How’s this for a first blog post?
A woman laughs at a baby that has just died in her arms. Behind her a soldier is slumped on the floor, his brain splattered across the bottom of the wall. Close by, the woman’s abusive lover is shuffling on his knees, his arms stretched out in front of him reaching desperately for the touch of her body. He is blind. His eyes were sucked out by the soldier, who swallowed them and then raped this rapist using first a gun and then a part of his own body, and then stuck the gun in his gob and pulled the trigger. Later the woman buries the baby in a hole in the floor, and then leaves the room to hunt for food. While she is out her blind lover eats the dead child and shortly after that he, too, dies. The woman returns. She is humming and singing. She sits down, swinging her legs, gazing out at the emptiness.
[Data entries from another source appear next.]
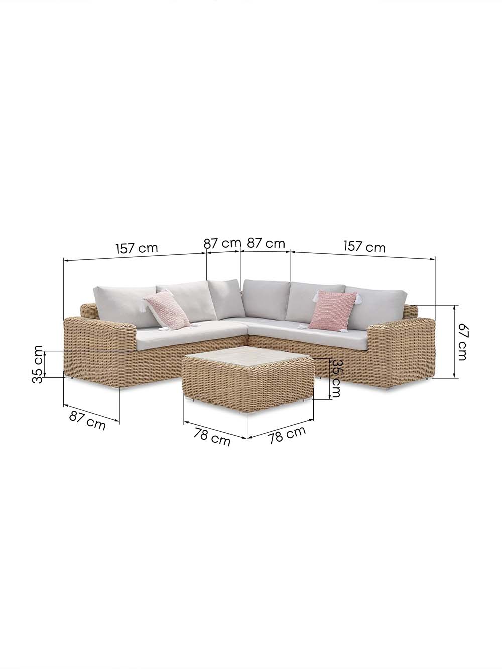 Išoriniai trečios (kampinės) dalies sofos matmenys: plotis / gylis / aukštis, cm: 87 / 87 / 67.
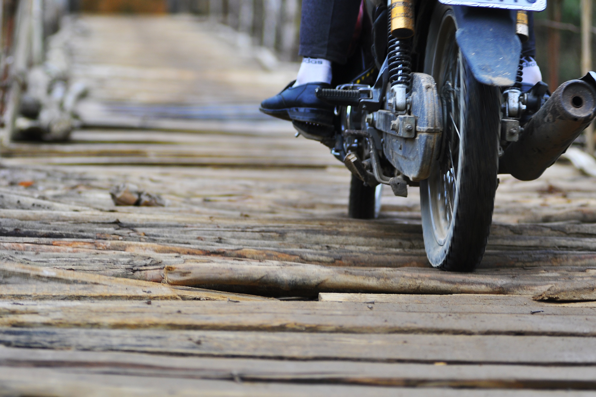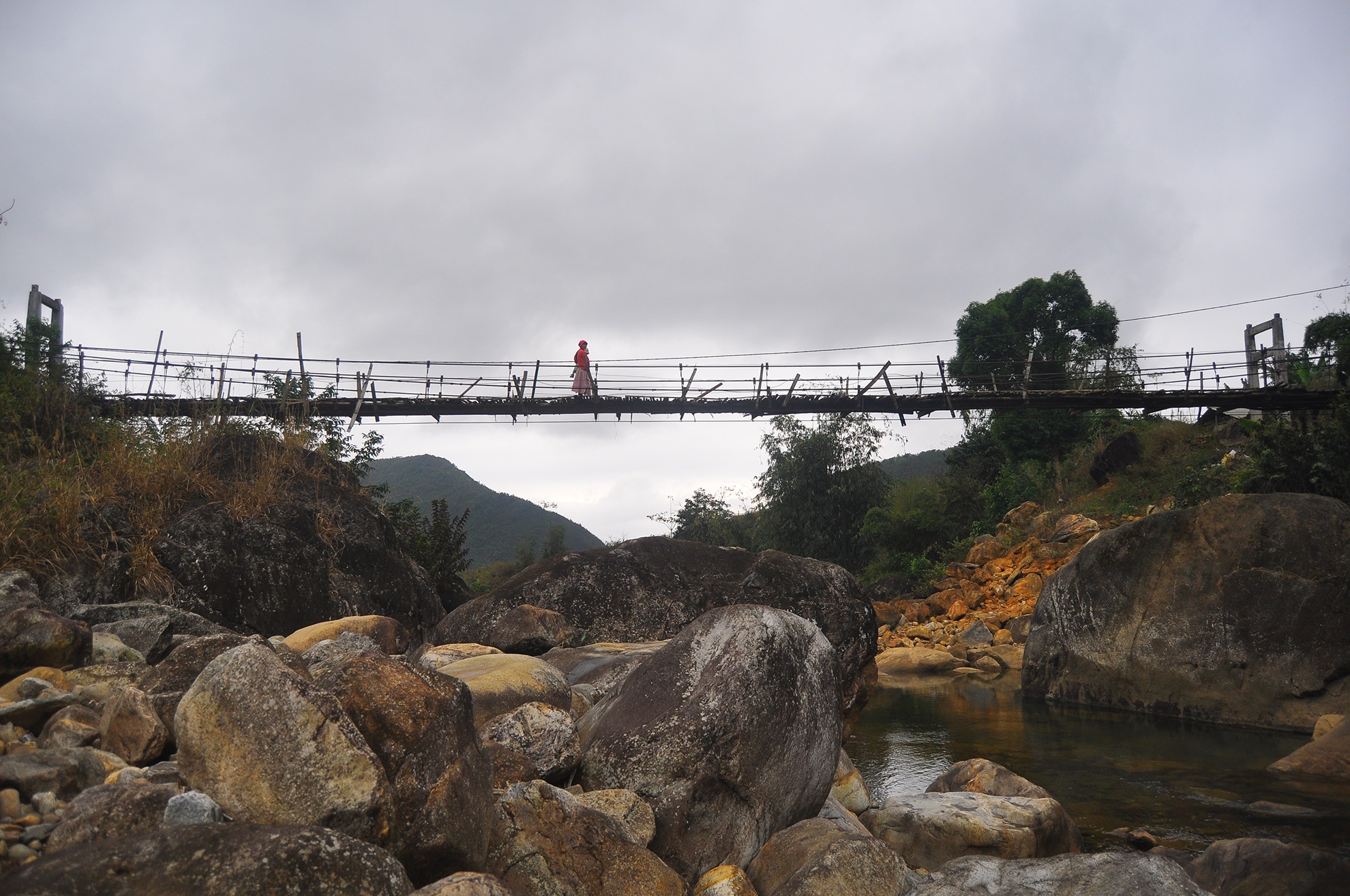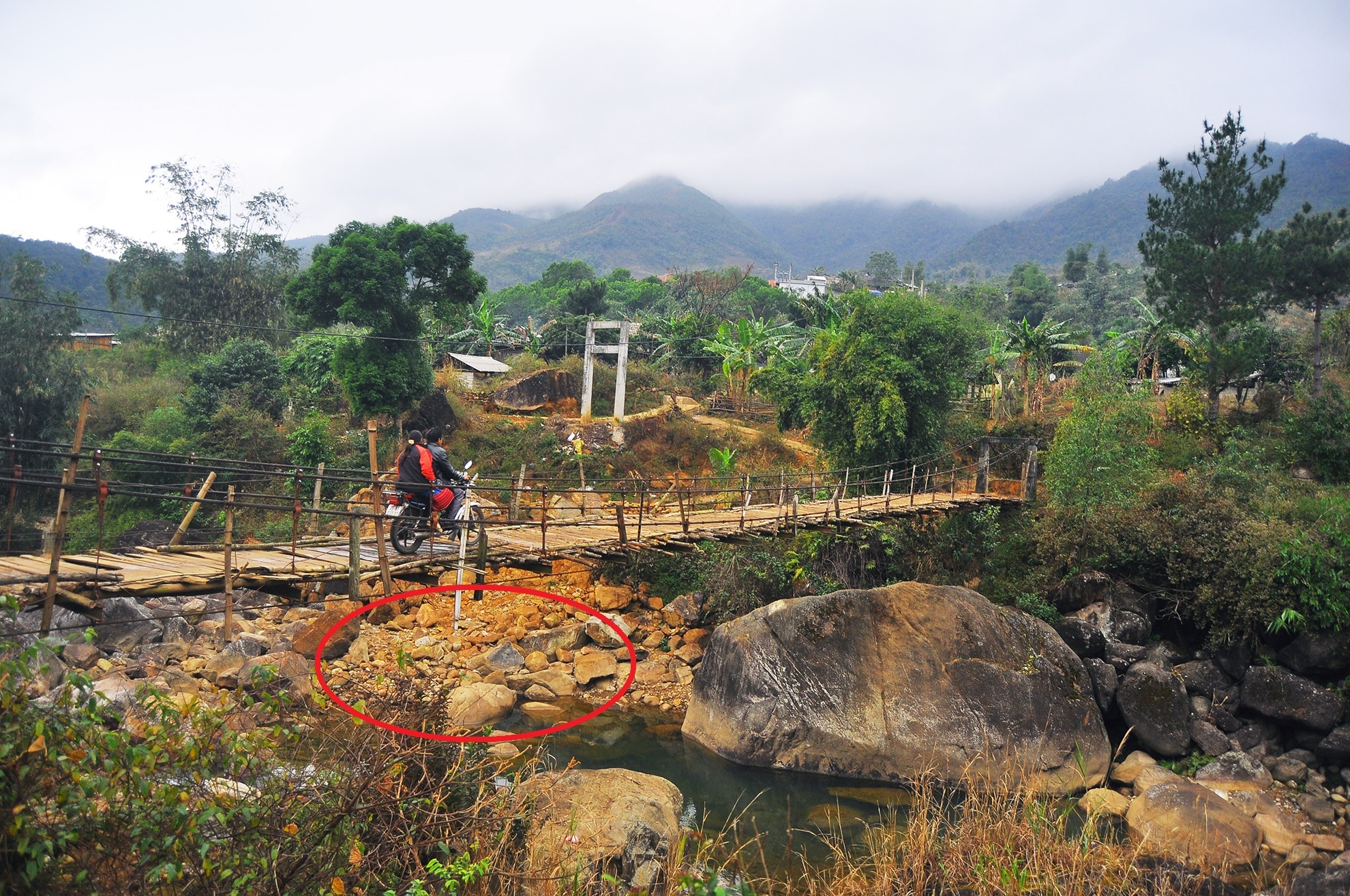 | Dù lòng cầu rộng 1,5 m nhưng không thể di chuyển hai làn xe máy cùng một lúc do khi tránh nhau rất dễ mất thăng bằng và ngã xuống suối. Ngoài xe máy, các loại xe thồ chở nông sản và súc vật không thể di chuyển qua đây.
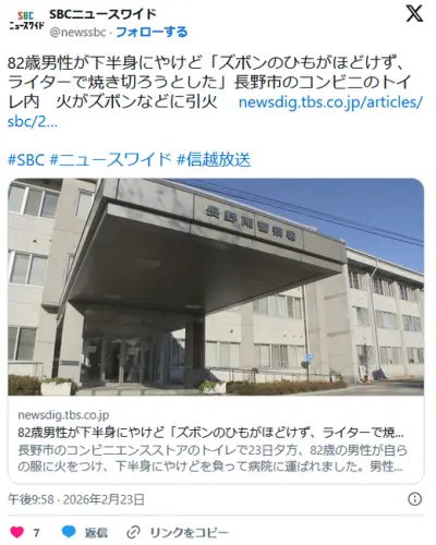 82歳男性が下半身にやけど「ズボンのひもがほどけず、ライターで焼き切ろうとした」長野市のコンビニのトイレ内 火がズボンなどに引火

This is how Blasted, written by the late Sarah Kane, ends. The play is a hopeless reflection on war; its achievement is to show the truly miserable detail of conflict and how acts of great violence are within us all. The individual quest for survival will in the end always defeat our dreamy desire to be humane…
Lara Pawson, whose blog opens with this post, is a talented journalist and an alumnus of the Wolfson Press Fellowship Programme which I run. She’s a specialist on Africa (especially Angola) and has seen some horrible things in her time. And she’s good at telling it as it is. I’ve been encouraging her to start blogging because I thought she’d be good at it. Looks like I was right.